If your parent dies when they have no money or assets left, you may find yourself in a difficult position. If you’re in charge of managing the estate, you may begin receiving letters from creditors or calls from those trying to collect debts.
One of the issues with a parent who dies with debt and no assets to repay it is that the creditors may try to make you feel like you’re responsible for those debts. The thing to remember is that you, as a family member, usually cannot be forced to repay those debts out of your own pocket.
Debts don’t disappear when someone dies, but the way they’re handled will vary. If the estate doesn’t have enough assets to pay the bills, those bills may simply not get paid. If your parent’s spouse is still alive, they may have some responsibility for some debts, but children and other relatives rarely do unless they’ve co-signed on the debts themselves.
Will you lose assets that passed directly to you?

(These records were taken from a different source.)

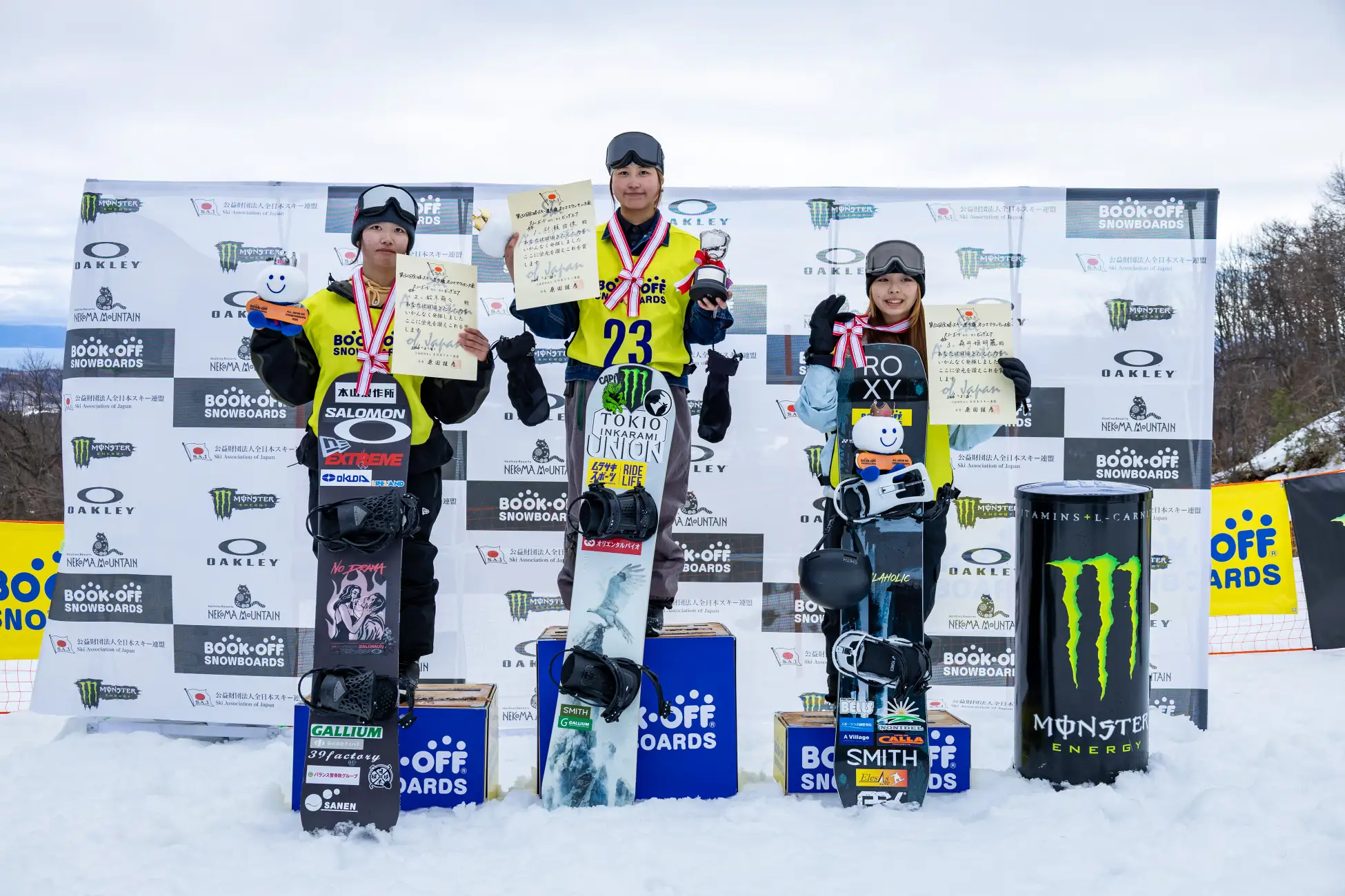 男子は、複数の冬季五輪メダリストが参加する中、木村悠斗選手が優勝しました。五輪金メダリストである実兄の木村葵来選手は2位、五輪銀メダリストの木俣椋真選手が3位でした。女子は、2024ユース五輪(韓国・江原道)ビッグエア金メダリストの村瀬由徠選手が優勝し、2位に鈴木萌々選手、3位に森井姫明麗選手が表彰台へ上がりました。
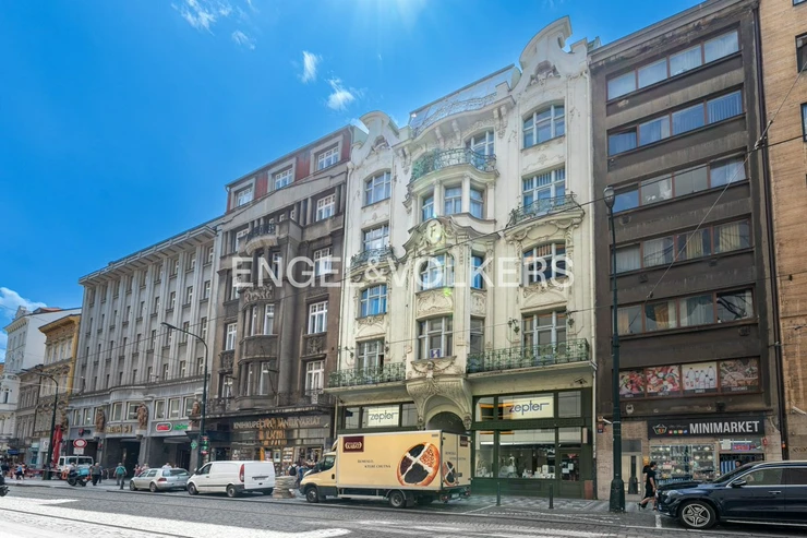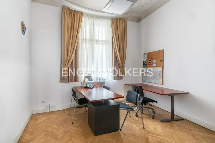 This separate office with an area of 169 m² is located in an apartment building right next to the Národní Třída metro station in an attractive part of Prague's New Town. Access is from the building's passageway, and there is a reception desk on the ground floor (open weekdays from 9:00 a.m. to 5:00 p.m.). The premises are wheelchair accessible, with an elevator, parquet floors, and double wooden windows. A functional fireplace adds to the pleasant atmosphere. There is a separate kitchenette, separate toilets, a server room, and a camera system.
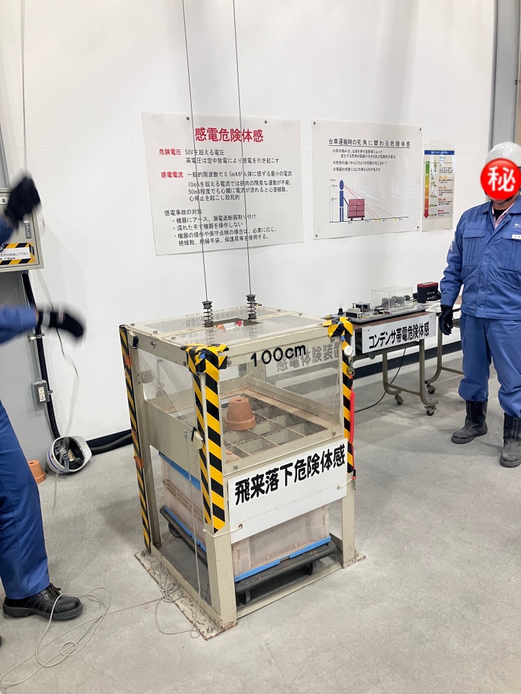 本研修では、実際の作業現場を再現した設備を用い、感電・転倒・挟まれなどの危険を“体験”しながら、安全の重要性について学ぶことができました。
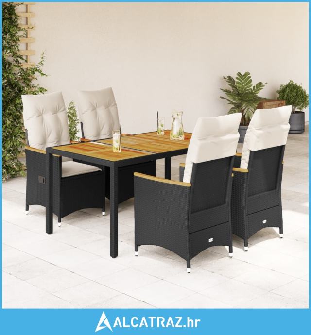 5-dijelni vrtni blagovaonski set s jastucima od poliratana crni - NOVO
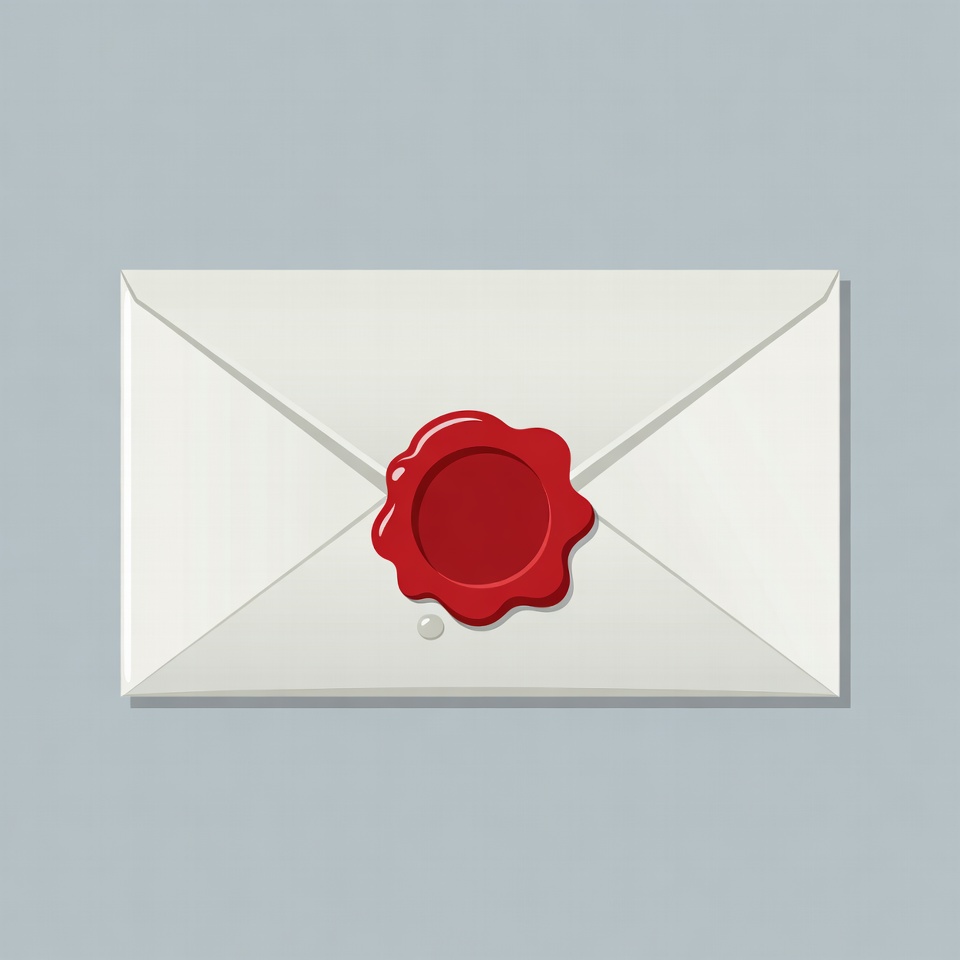 A white envelope sealed with a red wax stamp sits on a gray background. The wax seal is prominently centered on the envelope's flap. The design is a clean vector illustration.

The nice thing about having certain assets paid directly to you is that you likely will not need to use those assets to repay creditors coming after the estate. For example, if your parent died without anything in the bank but had a life insurance policy that paid directly to you as the beneficiary, then the likelihood is that the money you’ve received won’t be accessible by creditors. Instead, you can keep that to handle anything that needs to be paid, like the funeral costs or your own personal bills, rather than paying down debts that don’t have anything to do with you, personally.
How should you address it when creditors call?
When a debt is left after an estate is out of funds, the debt normally goes unpaid. You will need to let the creditor know that your loved one has died. Usually, this includes submitting the death certificate and informing the creditor that your family member has died. If they continue to press for compensation despite you not owning on the debt, you may want to look into your legal options.